[Dataset excerpts]
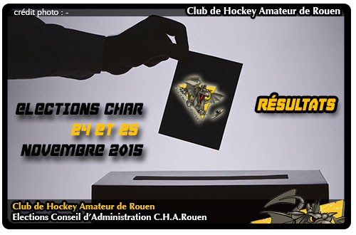 Le mardi 24 et le mercredi 25 novembre 2015 se déroulaient les élections au conseil d'administration du Club de Hockey Amateur de Rouen. 3 candidats etaient en lice pour 6 postes à pourvoir.
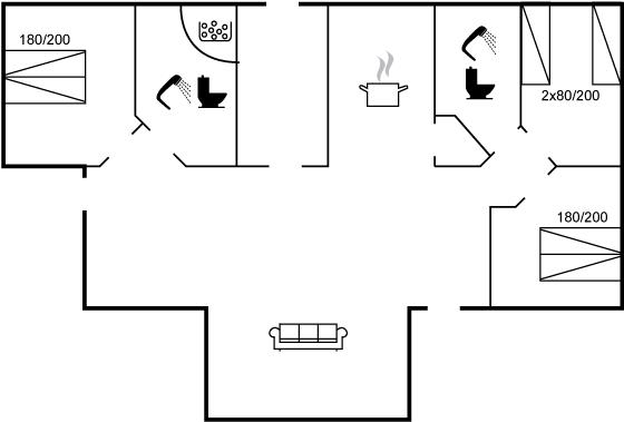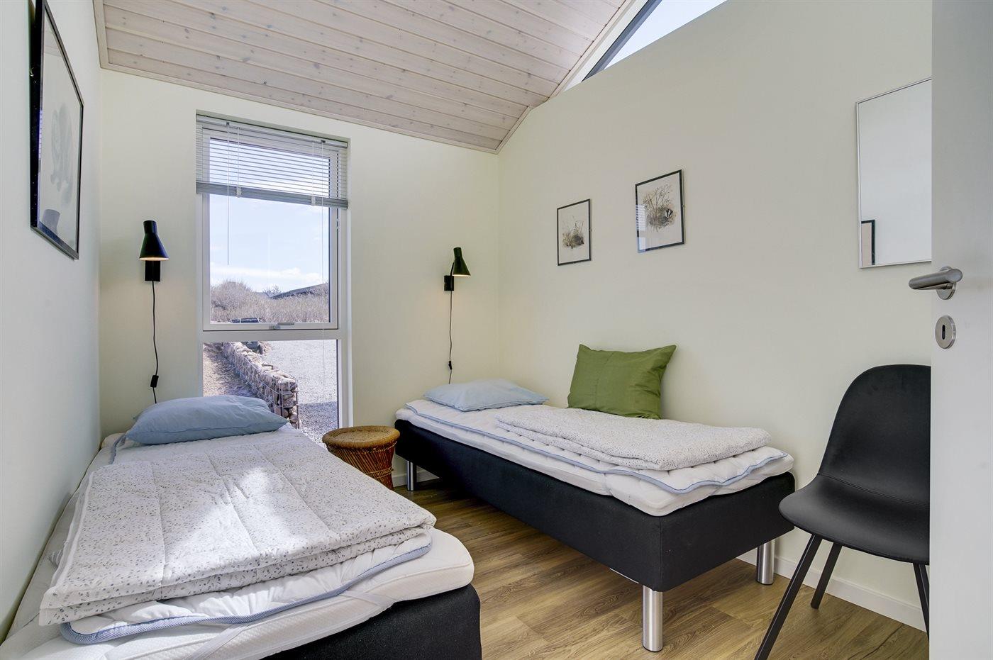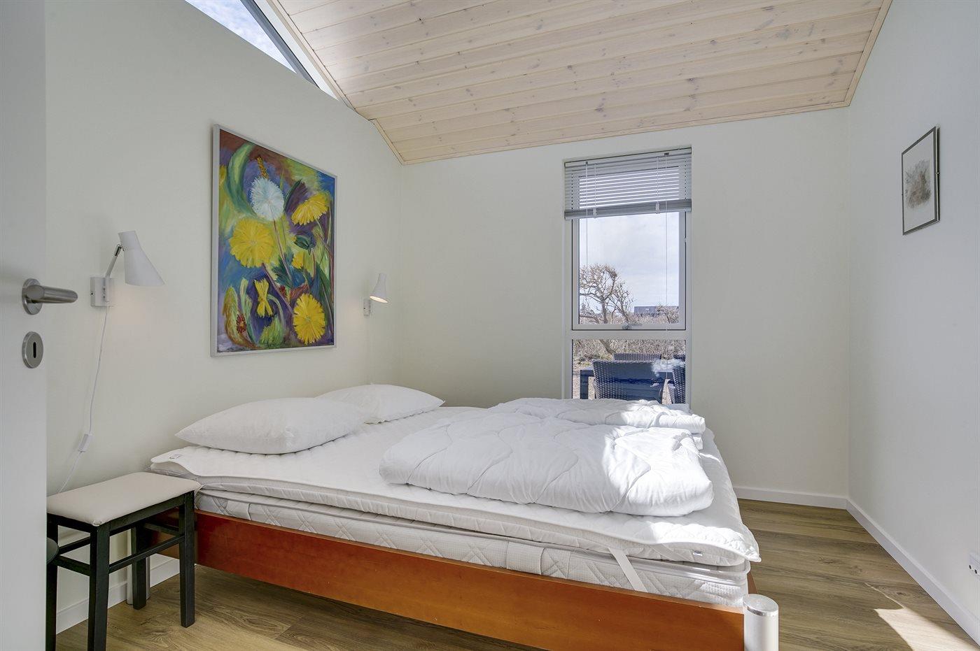 Der er i alt 3 soveværelser. Sovepladserne fordeler sig på: 4 sovepladser i dobbeltsenge. 2 sovepladser i enkeltsenge. Derudover er der 1 stk. barneseng.
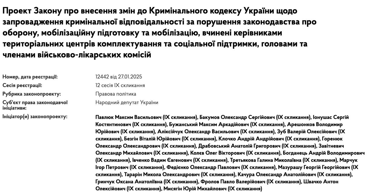 13.17 В Раде зарегистрировали законопроект об ответственности представителей ТЦК и ВВК за нарушение порядка мобилизации, сообщает нардеп Бужанский.
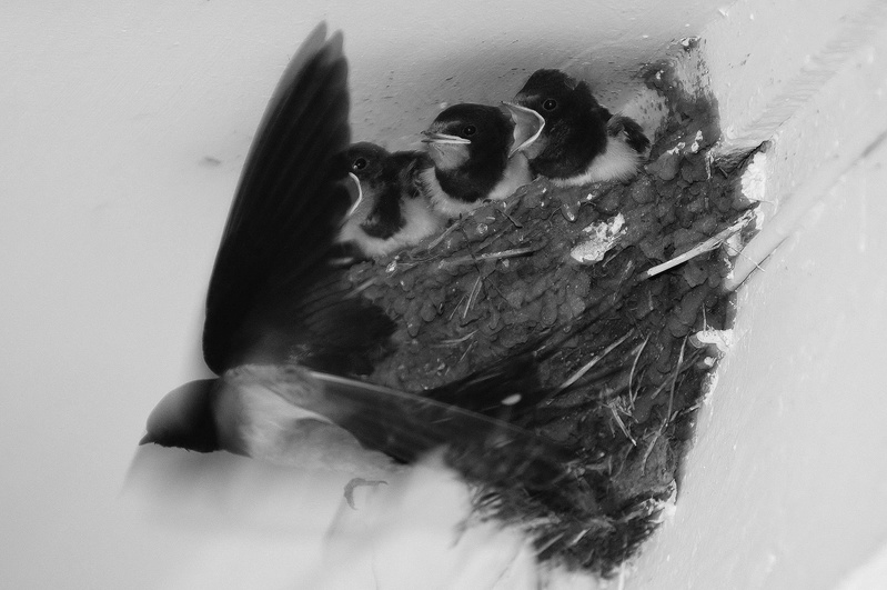 Sympa ce nid d'hirondelles Un peu moins d'espace à droite et plus à gauche pour que la maman puisse mieux dégager
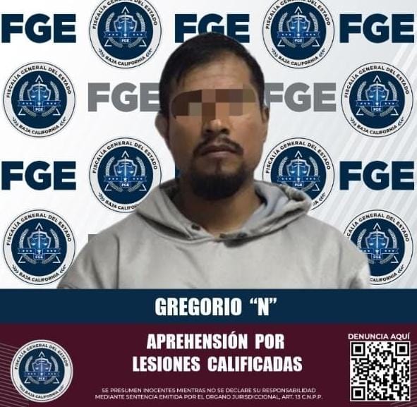 SAN QUINTÍN, B.C. La Fiscalía Regional de San Quintín cumplimentó un mandato judicial que pesaba en contra de Gregorio ¨N¨; presuntamente habría atacado con una navaja a dos personas lesionándolas en la cara y diversas partes del cuerpo.
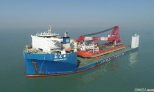 1月中旬,中遠海運特運10萬噸半潛船“新光華”輪在廣州大嶼山錨地順利潛裝“泓邦6號”起重船駛往毛里求斯打撈“Wakashio”號。(詳見 中...
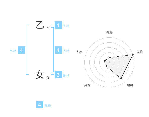 乙 女さんの地格は3画の4点!
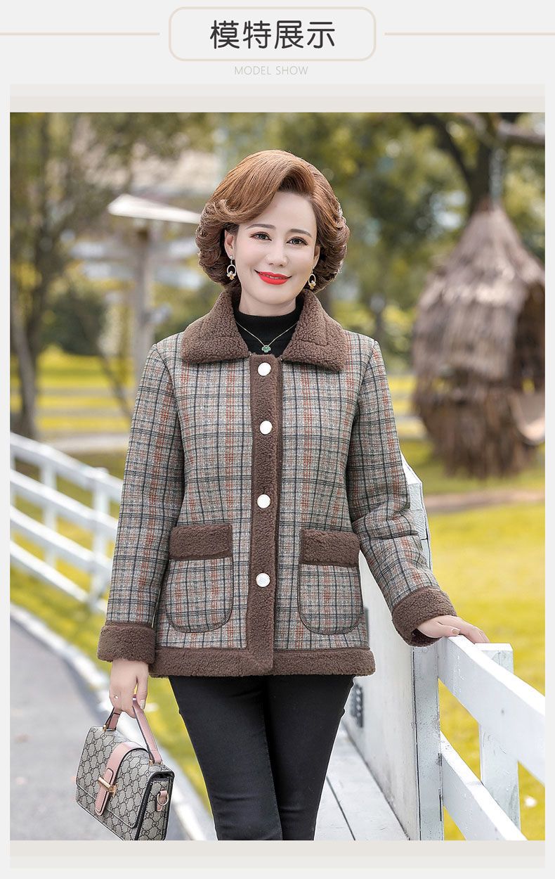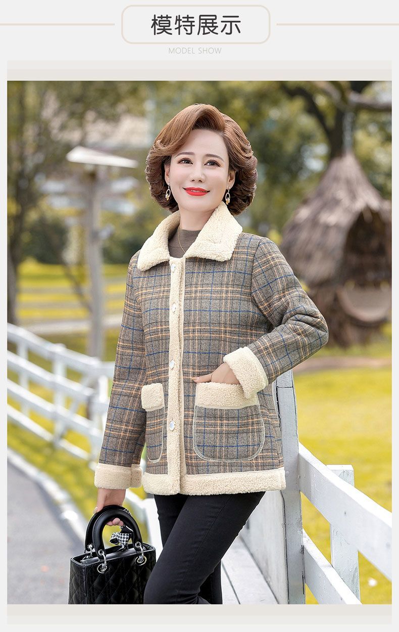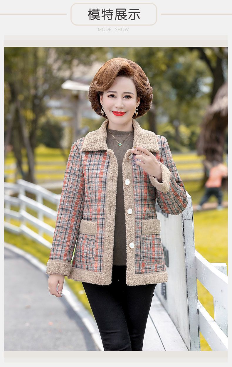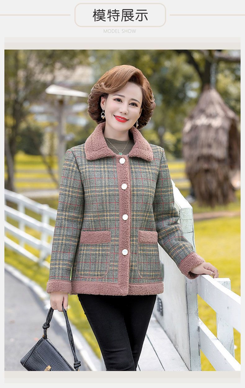 新款妈妈外套秋冬款宽松大码加绒加厚中老年女装洋气短款休闲上衣

* _What to produce_
Repeat exactly the lines in the entries from the one containing "Der er i alt" to the final line, inclusive, and nothing beyond them; skip pictures.

* _Result_
 Der er i alt 3 soveværelser. Sovepladserne fordeler sig på: 4 sovepladser i dobbeltsenge. 2 sovepladser i enkeltsenge. Derudover er der 1 stk. barneseng.
 13.17 В Раде зарегистрировали законопроект об ответственности представителей ТЦК и ВВК за нарушение порядка мобилизации, сообщает нардеп Бужанский.
 Sympa ce nid d'hirondelles Un peu moins d'espace à droite et plus à gauche pour que la maman puisse mieux dégager
 SAN QUINTÍN, B.C. La Fiscalía Regional de San Quintín cumplimentó un mandato judicial que pesaba en contra de Gregorio ¨N¨; presuntamente habría atacado con una navaja a dos personas lesionándolas en la cara y diversas partes del cuerpo.
 1月中旬,中遠海運特運10萬噸半潛船“新光華”輪在廣州大嶼山錨地順利潛裝“泓邦6號”起重船駛往毛里求斯打撈“Wakashio”號。(詳見 中...
 乙 女さんの地格は3画の4点!
 新款妈妈外套秋冬款宽松大码加绒加厚中老年女装洋气短款休闲上衣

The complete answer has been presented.